> [Given information]:
= Beginning of Section =

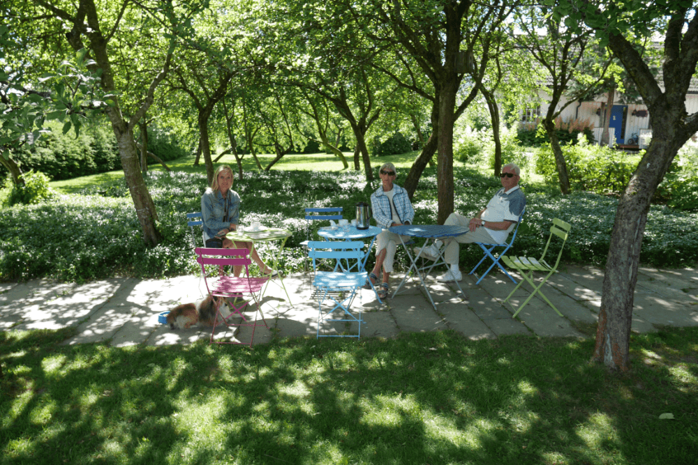 En bjørkeallé fører opp til Stange Gjestegård, der de tre bygningene skaper en gårdsplass. Tuntreet er ei stor eik. Kirsebærtreet lyser opp på våren. Klipte granhekkene skaper lune hagerom. Hvert hus har fått sin hage. Selve driftsbygningen til Gjestegården har en stor, grønn eplehage, som danner en løvsal for stedets mange arrangement. En staudehage, som er på sitt flotteste på høysommeren, er innrammet av lave buksbomhekker.
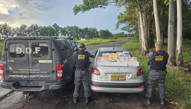 O DOF (Departamento de Operações de Fronteira) apreendeu na manhã desta quarta-feira (7/1), na MS-164, próximo ao Trevo do Copo Sujo, em Ponta Porã, carga de celulares e medicamentos para emagrecer avaliados em mais de R$ 650 mil. Na ação, mulher de 41 anos, e homem de 50, foram presos em flagrante.
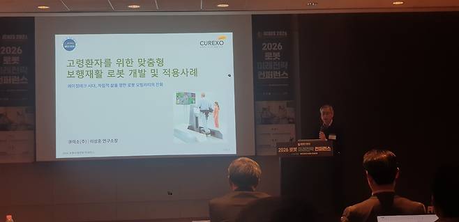 | ▲ 이상훈 소장 이상훈 큐렉소 연구소장은 ‘고령환자를 위한 맞춤형 보행재활 로봇 개발 및 적용사례’에 관해 강연했다. |
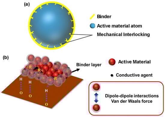 Binders are made of polymeric materials and account for approximately 5 wt% of the total battery weight [28]. Generally, they are electrochemically inactive. They serve multiple functions: (1) providing stability to the battery; (2) ensuring homogeneous coating and adhesion of the active materials to the current collector; (3) providing an electrochemical window that prevents chemical reactions between the binders and electrodes; and (4) allowing electron and ion movement [29,30,31]. Binders are crucial for the electrode fabrication process because they are mixed with the electrode material to form a paste. This paste is subsequently coated onto the collector using the doctor blade technique and then dried [20,31]. Throughout the lithiation and delithiation processes, the volume changes in the electrode can damage its mechanical structure. Therefore, the binder used for electrode fabrication must possess sufficient mechanical properties, such as strength, elasticity, flexibility, and hardness, to maintain the integrity of the electrode [27]. Furthermore, the lowest unoccupied molecular orbital (LUMO) of the binder used in the anode should be positioned higher than the chemical potential of the active material. Alternatively, the highest occupied molecular orbital (HOMO) of the binder should be lower than the chemical potential of the cathode [27].

= End of Section =

> [What is expected]:
Every line of the material above must be written out exactly, with no pictures.

> [Solution to the problem]:
 En bjørkeallé fører opp til Stange Gjestegård, der de tre bygningene skaper en gårdsplass. Tuntreet er ei stor eik. Kirsebærtreet lyser opp på våren. Klipte granhekkene skaper lune hagerom. Hvert hus har fått sin hage. Selve driftsbygningen til Gjestegården har en stor, grønn eplehage, som danner en løvsal for stedets mange arrangement. En staudehage, som er på sitt flotteste på høysommeren, er innrammet av lave buksbomhekker.
 O DOF (Departamento de Operações de Fronteira) apreendeu na manhã desta quarta-feira (7/1), na MS-164, próximo ao Trevo do Copo Sujo, em Ponta Porã, carga de celulares e medicamentos para emagrecer avaliados em mais de R$ 650 mil. Na ação, mulher de 41 anos, e homem de 50, foram presos em flagrante.
 | ▲ 이상훈 소장 이상훈 큐렉소 연구소장은 ‘고령환자를 위한 맞춤형 보행재활 로봇 개발 및 적용사례’에 관해 강연했다. |
 Binders are made of polymeric materials and account for approximately 5 wt% of the total battery weight [28]. Generally, they are electrochemically inactive. They serve multiple functions: (1) providing stability to the battery; (2) ensuring homogeneous coating and adhesion of the active materials to the current collector; (3) providing an electrochemical window that prevents chemical reactions between the binders and electrodes; and (4) allowing electron and ion movement [29,30,31]. Binders are crucial for the electrode fabrication process because they are mixed with the electrode material to form a paste. This paste is subsequently coated onto the collector using the doctor blade technique and then dried [20,31]. Throughout the lithiation and delithiation processes, the volume changes in the electrode can damage its mechanical structure. Therefore, the binder used for electrode fabrication must possess sufficient mechanical properties, such as strength, elasticity, flexibility, and hardness, to maintain the integrity of the electrode [27]. Furthermore, the lowest unoccupied molecular orbital (LUMO) of the binder used in the anode should be positioned higher than the chemical potential of the active material. Alternatively, the highest occupied molecular orbital (HOMO) of the binder should be lower than the chemical potential of the cathode [27].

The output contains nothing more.